(Information supplied begins)
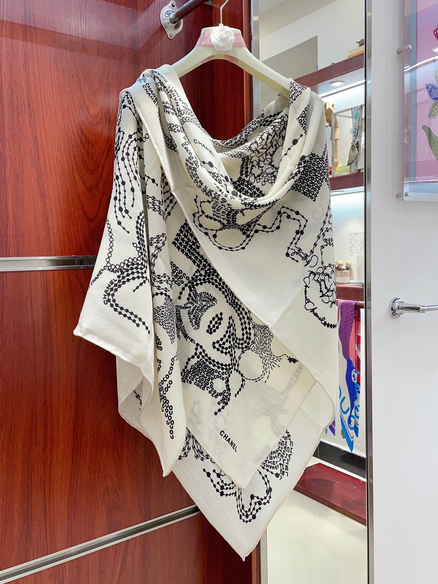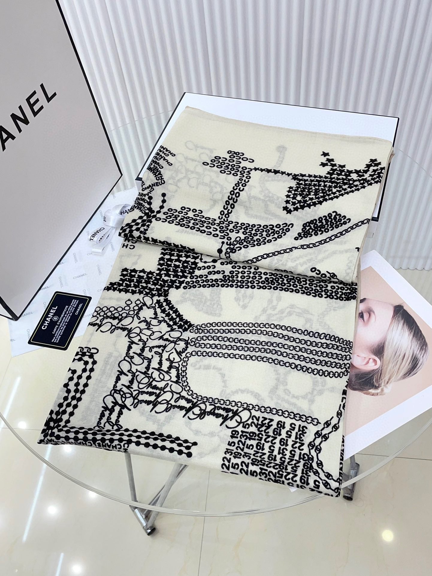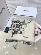CC Square Scarf 140 CM In White Black Cashmere And Silk 424559
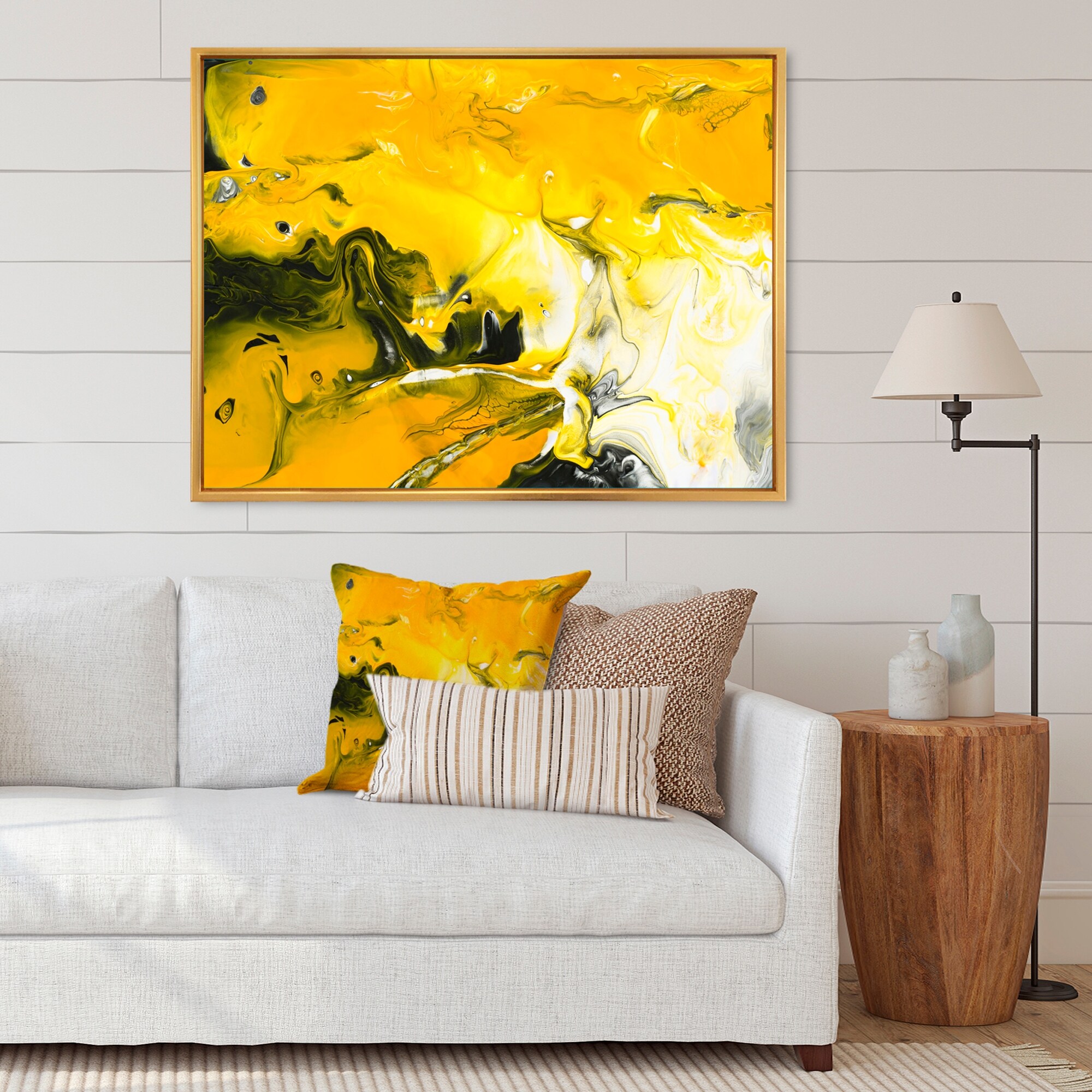 Designart "Yellow Black And White Liquid Art V" Modern Framed Canvas Wall Art Print
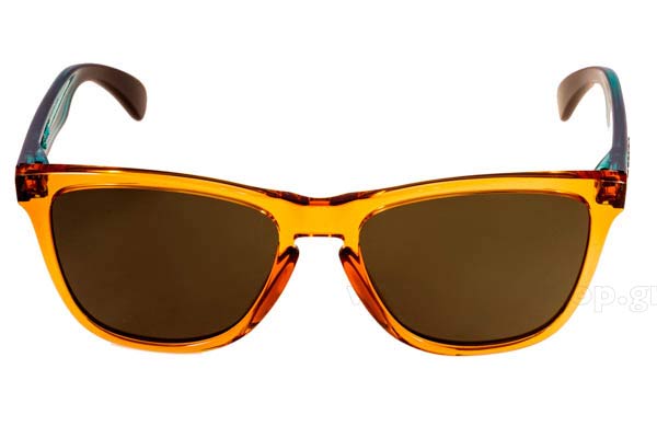 Ο σκελετός τους είναι plastic κατασκευασμένος από acetate και σε απόχρωση καφέ διαφανές με πετρολ βραχιονες. Διαθέσιμα μεγέθη (Πλάτος φακού) 55mm. Οι φακοί στα Γυαλια Ηλιου OAKLEY FROGSKINS-9013 με κωδικό χρώματος 43 OCHRE DARK GREY, είναι g15 οργανικοί και 100% απορροφητικοί στην UV ακτινοβολία για απόλυτη προστασία στον ήλιο.
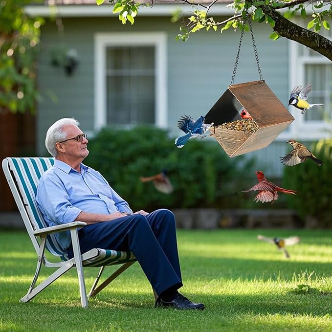 - Charming Retro Square Design: This outdoor bird feeder features a bold square shape with clean, minimalist lines. Attract a variety of birds like cardinals, canaries, and robins, bringing life and beauty to your outdoor space
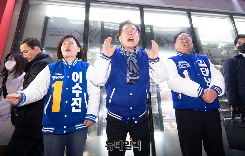 이재명 더불어민주당 상임공동선거대책위원장이 19일 오후 경기 성남시 모란역 인근에서 시민들에게 지지를 호소하고 있다. (경기 성남=서성진 기자)
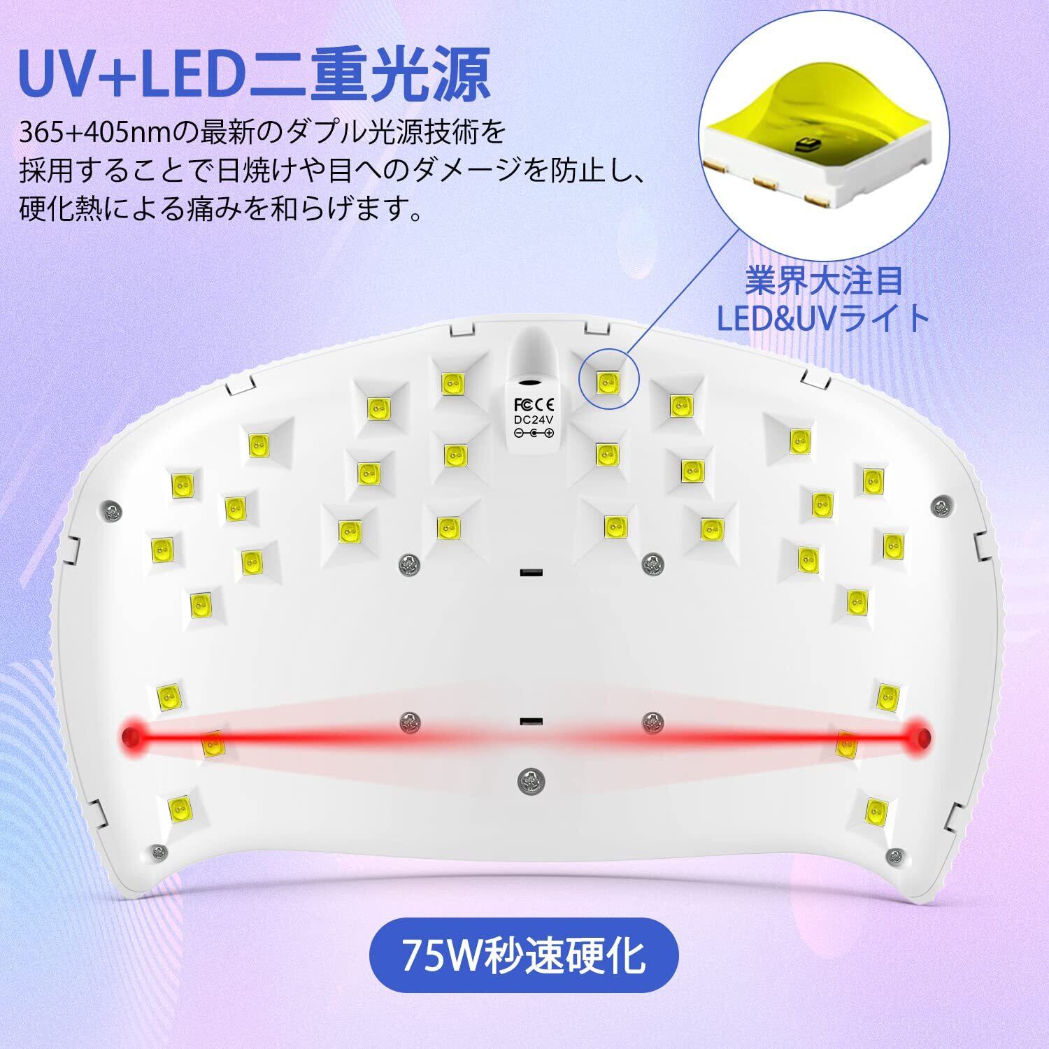 NAILGIRLS LED & UV ネイルライト 75W ジェルネイル用ライト uvライト レジン用 硬化ライト プロ用 人気 業界注目低ヒート機能 全ジェル対応 三階段タイマー 手足両用 ホワイト (White)
(Information supplied ends)
Extract word for word every line from the line that contains "- Charming Retro" to the final line of the data, both included, and nothing else; skip the pictures.

 - Charming Retro Square Design: This outdoor bird feeder features a bold square shape with clean, minimalist lines. Attract a variety of birds like cardinals, canaries, and robins, bringing life and beauty to your outdoor space
 이재명 더불어민주당 상임공동선거대책위원장이 19일 오후 경기 성남시 모란역 인근에서 시민들에게 지지를 호소하고 있다. (경기 성남=서성진 기자)
 NAILGIRLS LED & UV ネイルライト 75W ジェルネイル用ライト uvライト レジン用 硬化ライト プロ用 人気 業界注目低ヒート機能 全ジェル対応 三階段タイマー 手足両用 ホワイト (White)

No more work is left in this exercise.